Harold "Howie" S. Weed (born December 23, 1962) is an American visual and special effects artist known for his work on Hollywood films and franchises. His most notable works have been Star Wars: Episode V The Empire Strikes Back, Star Trek, and Pirates of the Caribbean: The Curse of the Black Pearl.
Weed started his career in films in the 1980s with an uncredited model making job for the film Gremlins.

==Star Wars==
Weed has gained a cult following for his involvement with the Star Wars Universe.

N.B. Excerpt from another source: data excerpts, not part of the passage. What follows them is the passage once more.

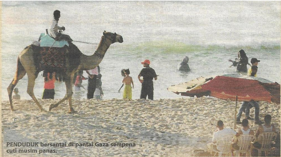
PENDUDUK bersantai di pantai Gaza sempena cuti musim panas.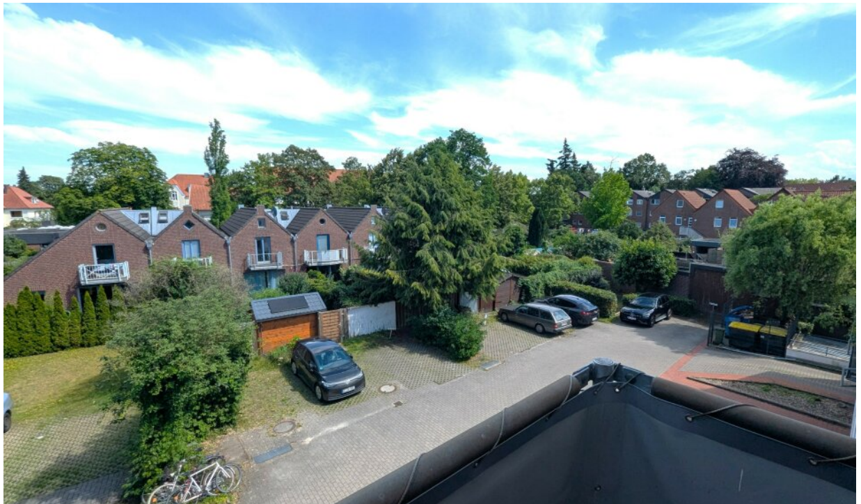
Blick vom Balkon in ruhige Hinterhoflage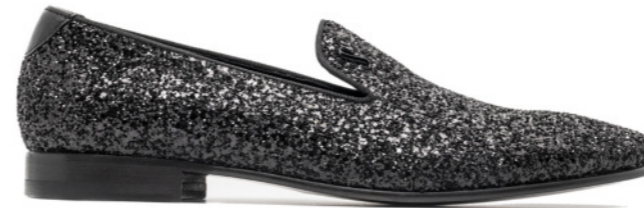
DUKE 42530 BLACK GLITTER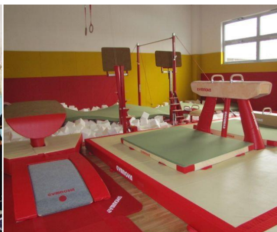
Slika 33. In pogoji danes.

V življenju sicer ni imel veliko časa za druge hobije, saj je poleg gimnastike skrbel še za svoje tri otroke, ki so prav tako posredno ali neposredno povezani s športom.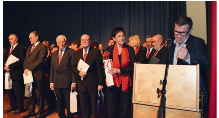
Gesangverein Frohsinn 1886 e.V. Weingarten - Ehrungen

Herzliche Glückwünsche, und vielen Dank für die tatkräftige Unterstützung!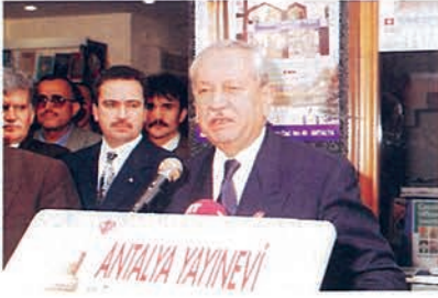
• Osman MÜDERRİSOĞLU Antalya Milletvekili

Törende bir konuşma yapan Antalya Milletvekili Osman Müderrisoğlu da Antalya'ya kazandırdıkları bu müesseseden dolayı Türkiye Diyanet Vakfı'na teşekkür ederek sözlerine başladı.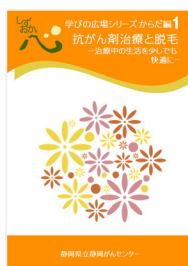
抗がん剤治療と脱毛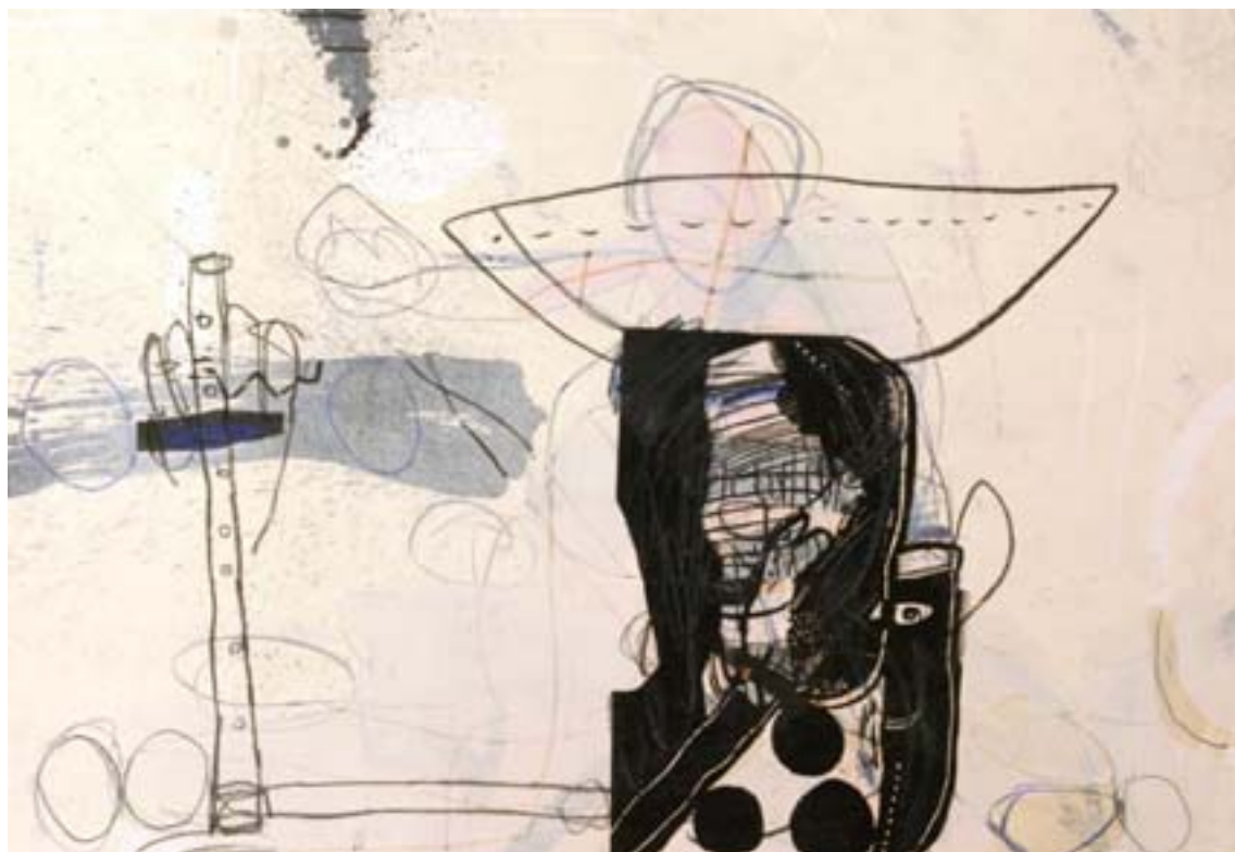
Utan titel | blandteknik, 71x102 cm, 2003.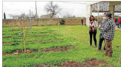
El huerto del IES Binissalem servirá para que los alumnos experimenten.

Los más jóvenes se instruyen de manera divertida en identificar las variedades locales de frutas, verduras y hortalizas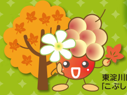
東淀川区キャラクター「こぶしのみちゃん」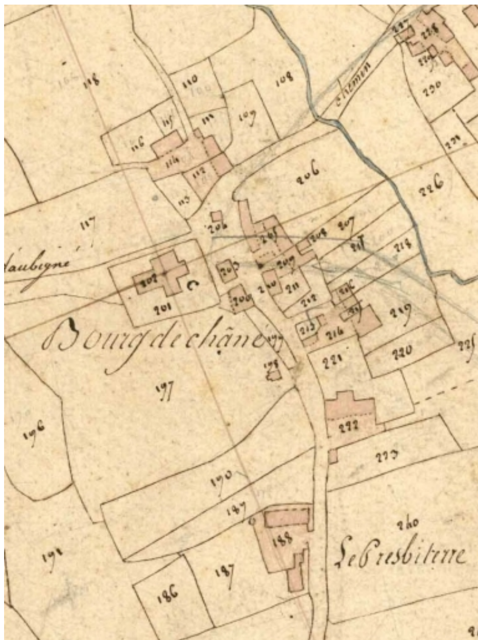
L'église sur le cadastre napoléonien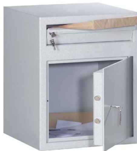
Art. n° 35703

Mécanisme de dépose voir esquisse au dos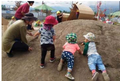
乳幼児期の集団生活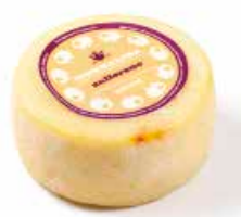
Monnalisa Zafferano ML044 gr. 500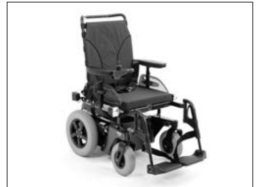
Abbildung zeigt Aufpreispositionen

Artikel-Nr. Heckantrieb: 490E75=1_AC01_C max. Zuladung: 160 kg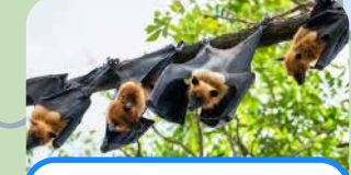
un murciélago a bat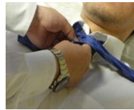
仏衣一式・旅支度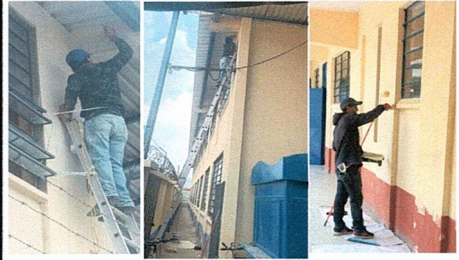
Foto 8: Aplicación de pintura de agua y de aceite a paredes exterior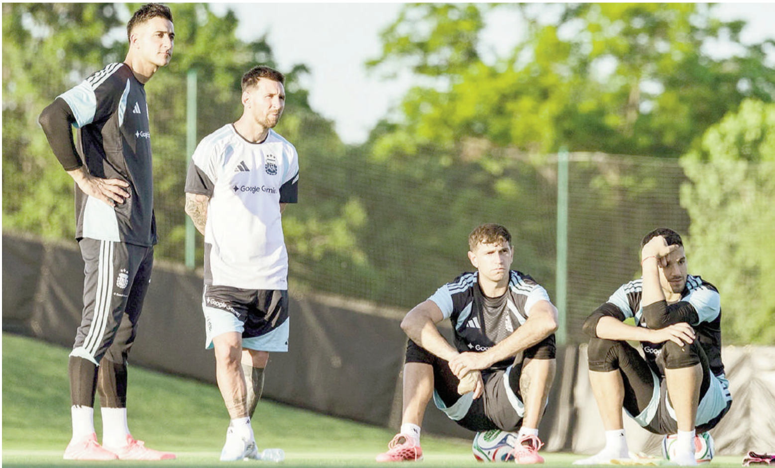
Juan Musso será titular esta noche en el amistoso de la Selección en Texas.

A 10 días del debut en la Copa el Mundo, esta noche la Selección se medirá ante los centroamericanos en un amistoso en Texas. Scaloni confirmó que el arquero nicoleño atajará hoy, en tanto que Rulli lo hará el martes en la otra prueba ante Islandia.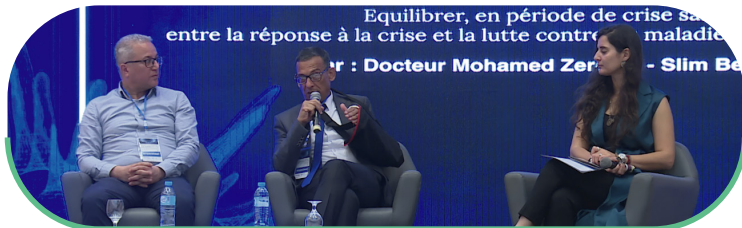
Equilibrer, en période de crise sanitaire, entre la réponse à la crise et la lutte contre les maladies infectieuses existantes.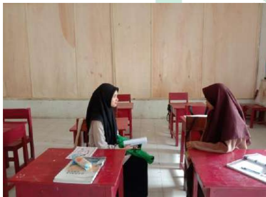
Wawancara terkait metode yang digunakan guru Bahasa Arab dalam mengajar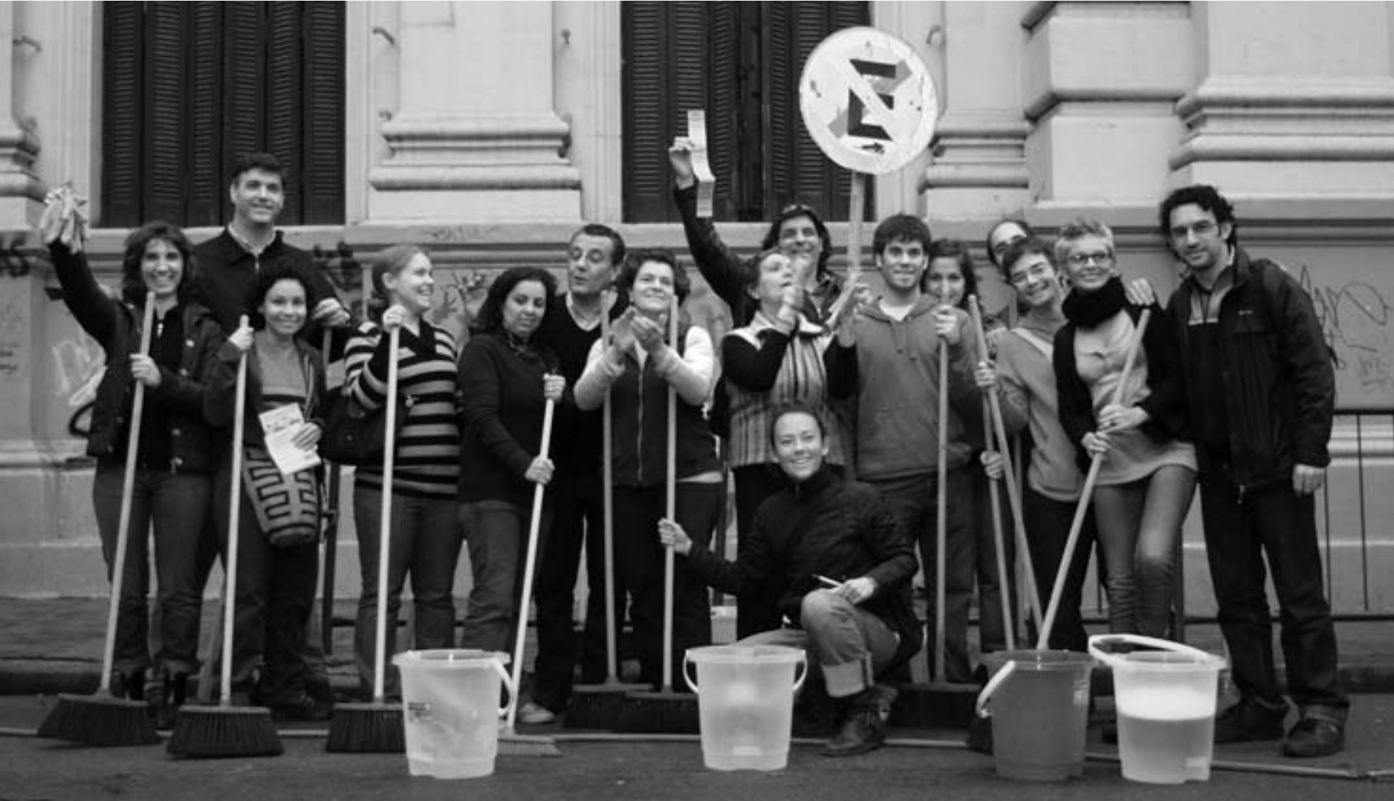
La primera baldeada comunitaria que que El Sol de San Telmo ayudó a organizar..., agosto de 2008.

Esta es mi última nota como directora de El Sol de San Telmo. Después de casi cinco años, este proyecto de comunicación social y construcción comunitaria ha madurado lo necesario para que sea dirigido por los mismos vecinos de este barrio. A pesar de mi deseo de compartir tantas emociones que me genera esta despedida, voy a limitarme a los conceptos claves que guiaron mi labor durante este tiempo. Dado que El Sol de San Telmo no es solo un periódico, pero tampoco una asociación vecinal ni una organización cultural –sumado al hecho de que su directora y editora es extranjera–, creo que para muchas personas clasificar y entender nuestro trabajo comunitario a veces ha sido difícil.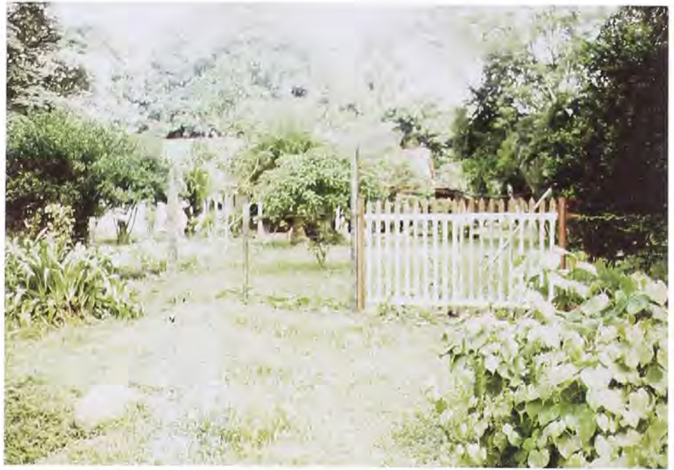
Verja que rodeaba el campamento.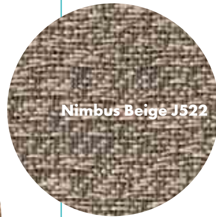
Nimbus Beige J522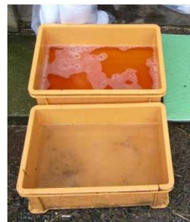
推奨される 踏込消毒槽の設置方法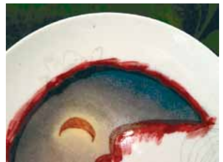
A l'aide d'un putois ou d'un tampon de mousse, je supprime cette trace.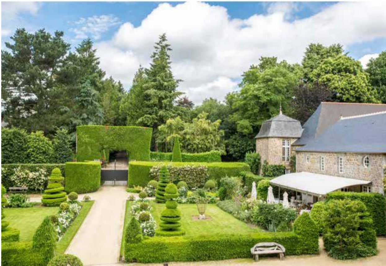
Château de la Ballue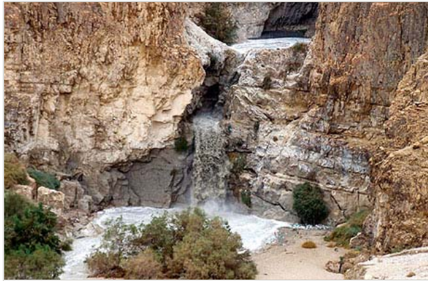
מפל קדרון. ריח רע ומצבורי אשפה למורדות הנחל

בעבר נבנה אמנם צינור ביוב גדול בחלקו הצפון מערבי של הערוץ אבל הוא מוביל את מי הביוב רק עד לכפר עובדייה, שם נבנה מתקן טיהור קטן, המכשיר מים למטעי התמרים של יישובי הבקעה. אולם אין בכך כדי לתקן את ההזנחה והזיהום שמשפיעים על הסביבה והאוכלוסייה המתגוררת בקרבת הקדרון.

Weed works with George Lucas' company Industrial Light and Magic and has appeared in Episode IV as multiple characters and worked on multiple Star Wars films behind the scenes with his special effects work.

In the 1997 Special Edition re-release of Star Wars: A New Hope, Weed played Ketwol, a character created with a costume and mechanical stilts.

Also in the re-release, Weed appeared as the Wampa, replacing actor Des Webb, and then as character Melas.

Weed worked on Star Wars: Episode I The Phantom Menace as a digital model development and construction artist and then Star Wars: Episode III Revenge of the Sith as a digital modeler.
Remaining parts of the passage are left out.